Why do sons write books about their fathers? Perhaps it’s because they feel a need to figure out the guy who sired their existence. If they’re like Marvin Olasky, the eminent public intellectual who edits World magazine, the act of writing promises to make someone distant and mysterious “come alive.” Maybe writing is also a way to give — or accept — forgiveness for conflicts that long have gone unresolved.
In Lament for a Father (P&R Publishing, 2021), Olasky departs from his usual principled detachment and public policy style. Instead, he expresses the grief that he experienced growing up (and expects that others have done, also) with a father who was cold and unresponsive. Even in adulthood, when his father was dying of cancer, Olasky reports that he could not get far into a father/son discussion. He now wishes he had tried harder, and urges other adult children, “Don’t take no for a final answer.”
It’s challenging to have a famous father. And many sons, especially, feel the pain of not measuring up. Occasionally one, like John Eisenhower, who wrote intelligent and revealing accounts of his father, Ike, the General and President, doesn’t let his own ego get in his way. Others shrink into disappointment.
The problem for Marvin Olasky was different. His father, surely in his own eyes, was a failure.
A Jewish Immigrant’s Son
Eli Olasky was the son of a Jewish immigrant who had been brutalized by the Cossacks in Eastern Europe before making his way to America and, then, growing a modest business selling mattresses near Boston. Young, eager Eli grew up very Jewish; indeed, he was a serious achiever in Judaic studies.
He served in the Army in Europe in World War II (which he would not talk about), got into Harvard and did quite well there. Unfortunately, he also lost his faith in that great secular university. The loss blighted his future. His professional tragedy was that the only field in which he could prosper — Judaic studies — was one from which he emotionally was alienated. As his son came to understand, his life thereafter was stunted and embittered.
An Unlikely Convert
Marvin’s mother, meanwhile, longed for the hopes she saw in Eli in his youth. Thus, she was persistently disappointed. That left son Marvin largely to himself. As a college student he became the kind of reflexive left-winger that flourished in the ‘60s. At the University of Michigan, by 1973, he was “a graduate school communist, winning compliments from professors who relished my Marxist analyses.”
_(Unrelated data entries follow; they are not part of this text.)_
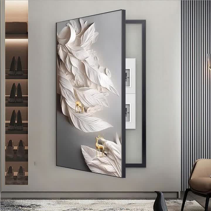 何佳功新款中式羽毛电表箱装饰画简约大气遮挡消防栓配电箱尺寸挂画 02款 黑铝框 右翻盖70x140【图片 价格 品牌 报价】-京东
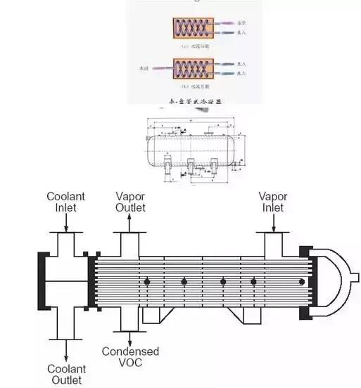原理:冷凝將廢氣降溫至VOCs成份之露點以下,使之凝結為液態后加以回收之方法。
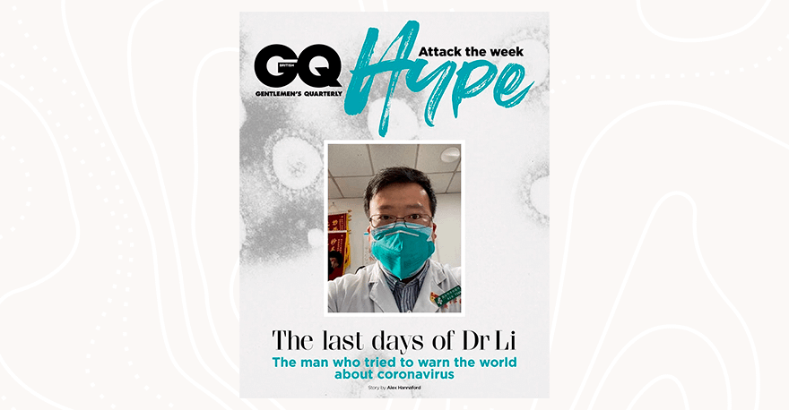 На обложке нового GQ Hype появился китайский доктор Ли Вэньлян, который первым сообщил о вспышке вируса. Позже этот вирус назвали Covid-19 или коронавирус. Ли описал инфекцию 30 декабря, но полиция предупредила его о «недопустимости распространения слухов». 10 января врач заболел коронавирусом, 7 февраля умер. Ему было всего 33 года.
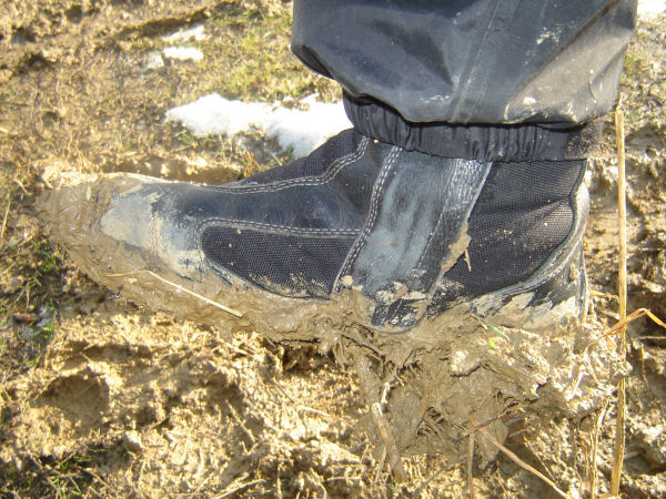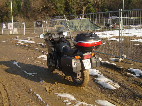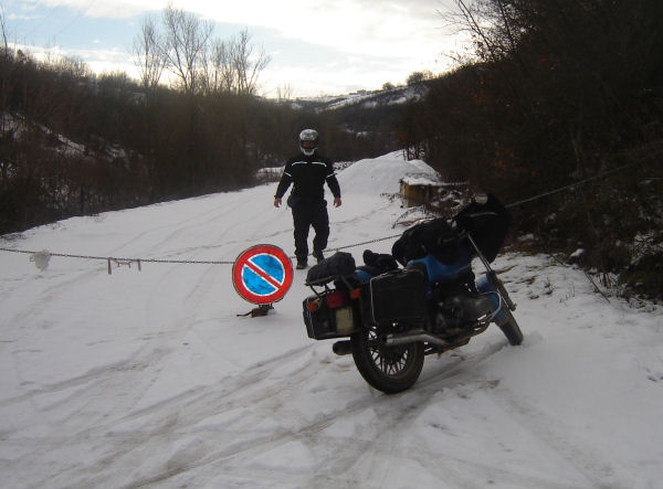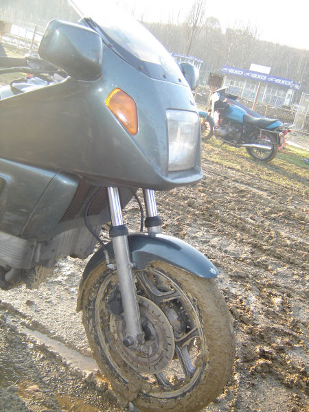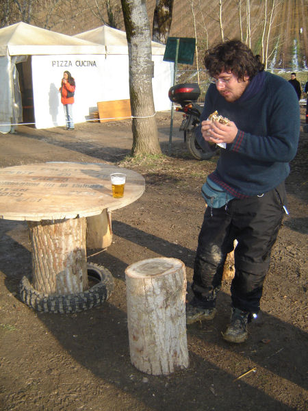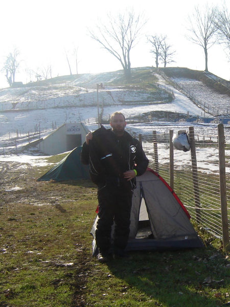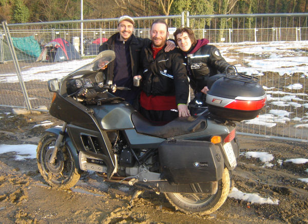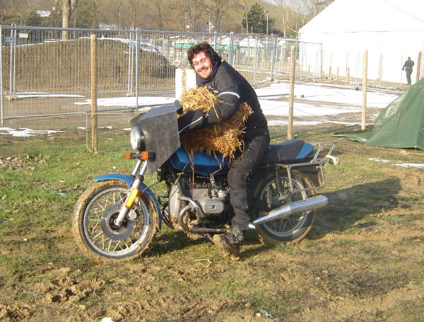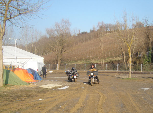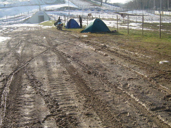 La notte la temperatura scende sotto zero, ma dormiamo senza problemi con i nostri sacchi a pelo. Domenica mattina mi riesce molto difficoltoso spostare la moto, visto che il fango, in cui il cavalletto era sprofondato per parecchi centimetri, si è completamente ghiacciato... Grazie all'aiuto di un vicino di tenda, dopo aver scavato con una pietra attorno alla base del cavalletto e alle gomme, riesco a portare Frau K sulla strada.

But then, in one of the strangest conversion experiences imaginable, Marvin, the student of Russian philosophy, picked up a copy of Vladimir Lenin’s essay, “Socialism and Religion,” and got lost in it. Instead of cheering Lenin on, though, he found himself meditating for a change about faith, not Marx. And he was perplexed. Sometime later, he picked up a copy of the New Testament — in Russian! — and read it, a Russian/English dictionary at hand. Such was the unlikely making of a convert.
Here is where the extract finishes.